Потом он вошел в тамбур. Посмотрел на вас, сказал: «Безобразие!» — прошел мимо, открыл дверь в комнату, и его грузная фигура на мгновение почти целиком заполнила светлый прямоугольник дверного проема, заслонив лампу и клубы дыма, и голоса игроков. Кальман вошел вслед за ним. Он тоже посмотрел на вас, ты в это время набивал трубку. Ферро копался в мотоцикле; Кальман не прошел в комнату, он остался — ему, видно, очень хотелось выяснить, много ли вы поняли из разговора.

Ты спросил:

— Как там дождь, не перестал?

Кальман:

— Дождь… Кстати, Самуэлю нужны на завтра два человека. На трассе иногда попадаются камни. Возьмешь с собой Немого. Самуэль выезжает в семь.

Конечно, тебе это было кстати. Плохо ли — побывать в Мизере. Правда, спутника он тебе дал не слишком веселого.

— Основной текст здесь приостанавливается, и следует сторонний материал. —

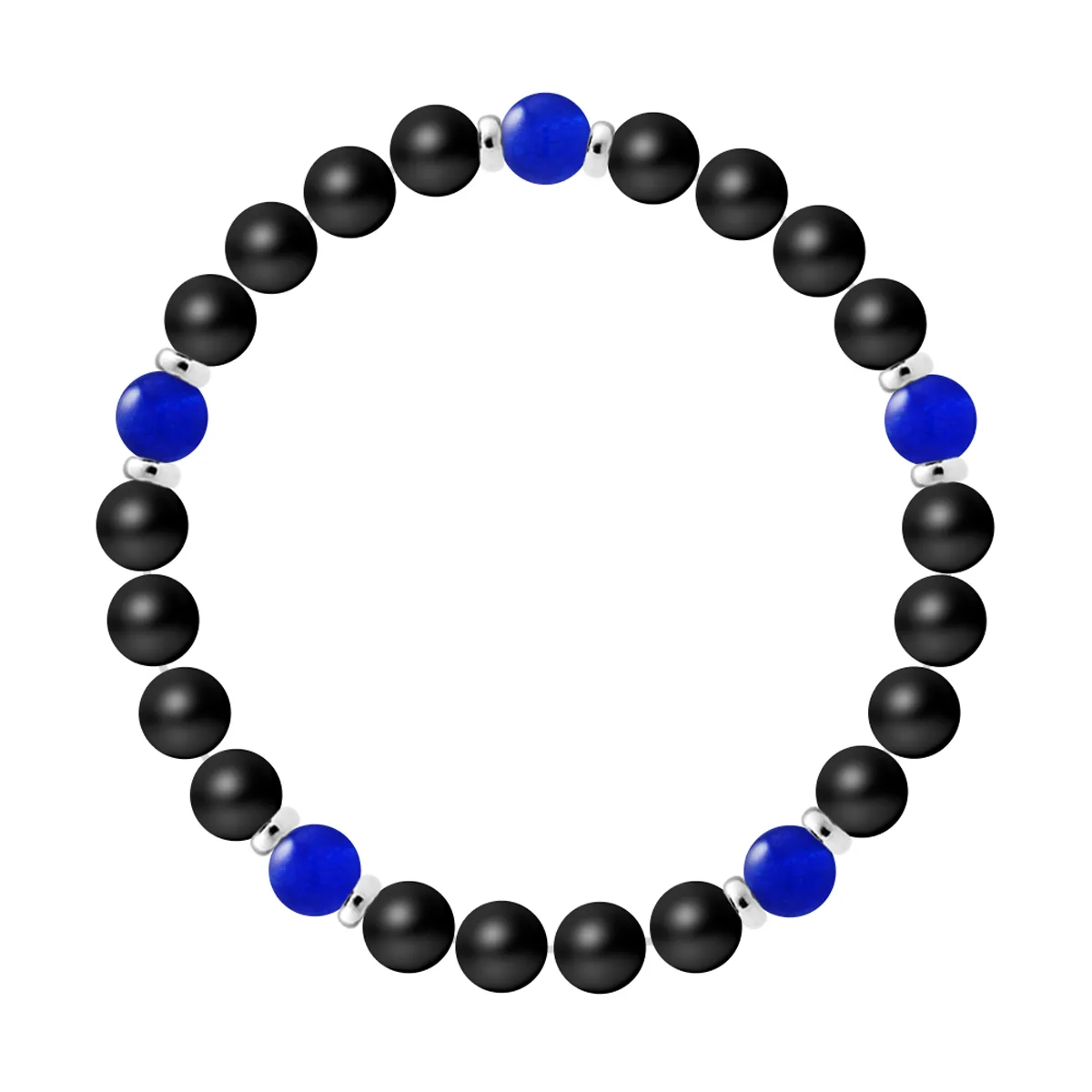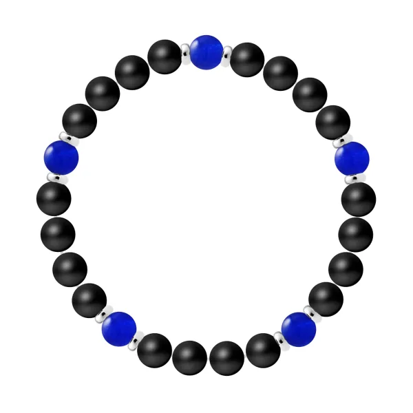 Armband 5 Stenen | ZWARTE AGAAF STEEN - CALCEDONIA | Sterling Zilver 925 Duizendsten Ferrules | HR® elastisch - Hoge Weerstand | Gemaakt in onze Franse Werkplaats | Geleverd met onze prestige doos en een garantiebewijs & echtheidscertificaat

Ну что ж, завтра в Мизере, пока Самуэль торчит в управлении, ты будешь развлекаться в одиночку. Очень разумно со стороны Кальмана услать именно того, кто мог слышать его беседу с Самуэлем. Ты прошел в комнату.

И тут тебя снова бес попутал: ты остановился в дверях, посмотрел на товарищей, сидевших в дыму за столом, твой взгляд упал на Борера, и ты громко сказал: — Не украл ли кто из вас канистру с бензином? — Твой смех чем-то вроде грохочущего ядра прокатился по бараку. И ты так смеялся — ведь и вправду шутка была отличная, если знать Борера, — и производил так много шума, что совершенно не заметил, как реагировали за столом: только Муральт, и Гримм, и Шава коротко хихикнули, но тут же осеклись, взглянув на Борера. Борер вдруг так чудно побледнел. Видно было, как он втягивает носом воздух. То есть все другие видели это. Ты — нет. Ты гоголем прошелся вдоль скамьи, мимоходом хлопнул Борера по плечу, взял со стола бутылку пива, сковырнул большим пальцем весело щелкнувшую крышечку.

— Никто? — спросил ты, сделав первый глоток. Пивная пена осела на твоей верхней губе. — Надо еще спросить Ферро. Может, ему понадобилось горючее для его драндулета?

Строго между нами, Брайтенштайн. Неужели ты не заметил, какая ледяная тишина вдруг заполнила барак? Нет? Ты стоял такой развеселый и снова крикнул, на этот раз обернувшись через плечо:

— Эй, Ферро, иди сюда, скажи: куда ты девал эту растреклятую Борерову канистру?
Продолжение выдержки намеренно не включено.